First — in all strategic planning processes — the key players must be completely clear and in harmony on the desired “end state” — what a “home run” would be.  That sounds very simple, but often it’s not.  There is surprising subtlety and nuance in this undertaking.  For example, will an ultimate exit be financial, strategic or a combination — it makes a BIG difference.  And, similarly, do the principals of a firm want to be involved after a liquidity event, or do they want to move on.  Often the process of reducing these thoughts to writing — in and of itself — forces a crystallization that cannot be created any other way.

Next, the parties need to get clear on the time-line for achieving the desired outcome.  The strategy involved in getting a business ready for sale in 18 months will be entirely different than the strategy involved in getting that same business ready for sale in 36 months.

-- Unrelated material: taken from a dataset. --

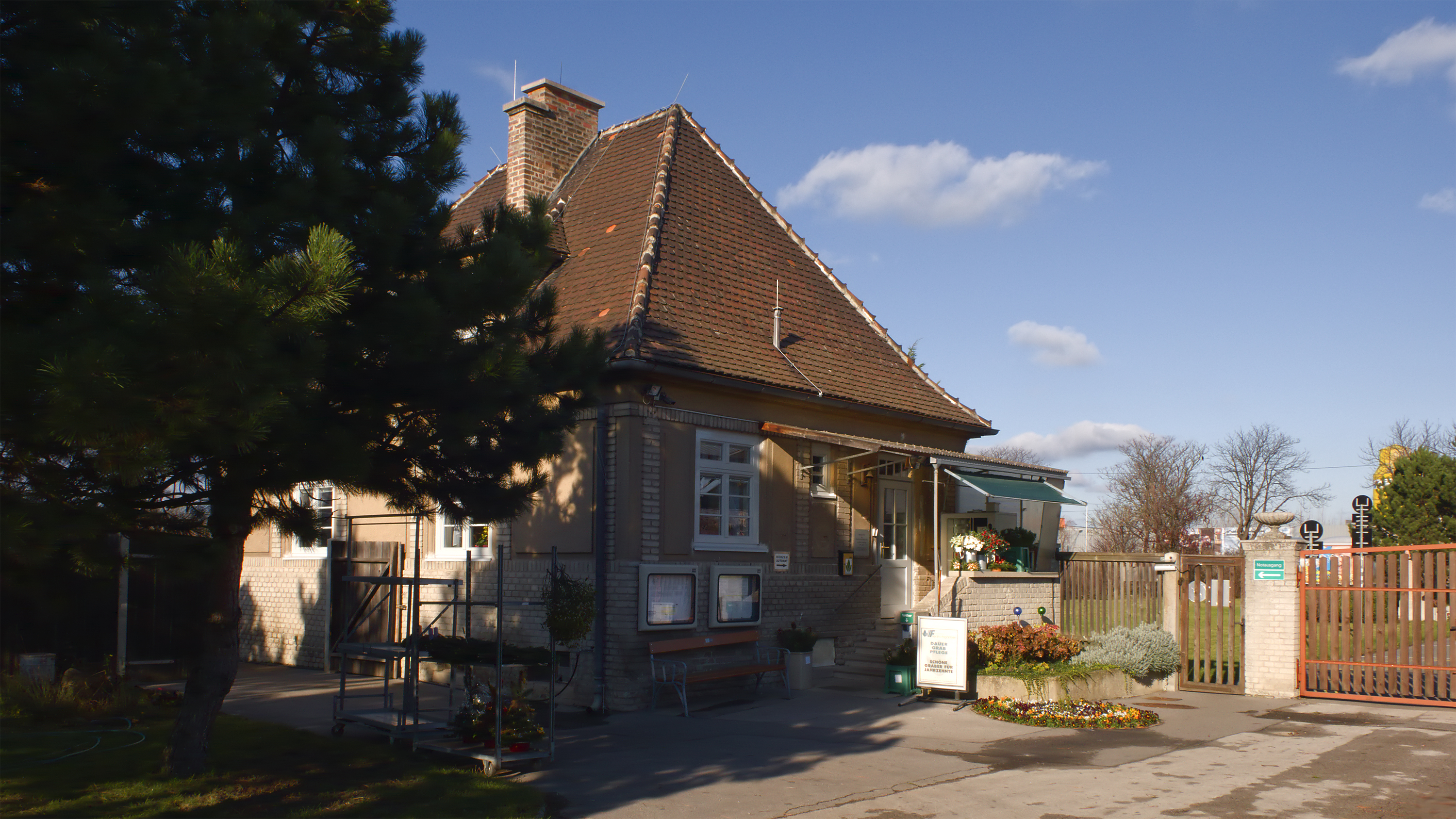 Vienna Liesing: Friedhof Liesing

Then, but only after  the goals and the “horizon” are entirely clear, everyone needs to developing an unflinching understanding  of  the  issues, challenges and environment.  In our work that usually means meeting with all the principals, studying all the resources that relate to the firm — marketing materials, financial statements, product documentation, etc. — and analyzing the competitive landscape in which the firm operates.

And, finally, comes the deliverables which may be in the form of a business plan, a private placement memorandum, new or improved marketing campaigns or materials, or fund raising materials such as a presentation “deck.”

This definitely an example of “kids don’t try this at home.”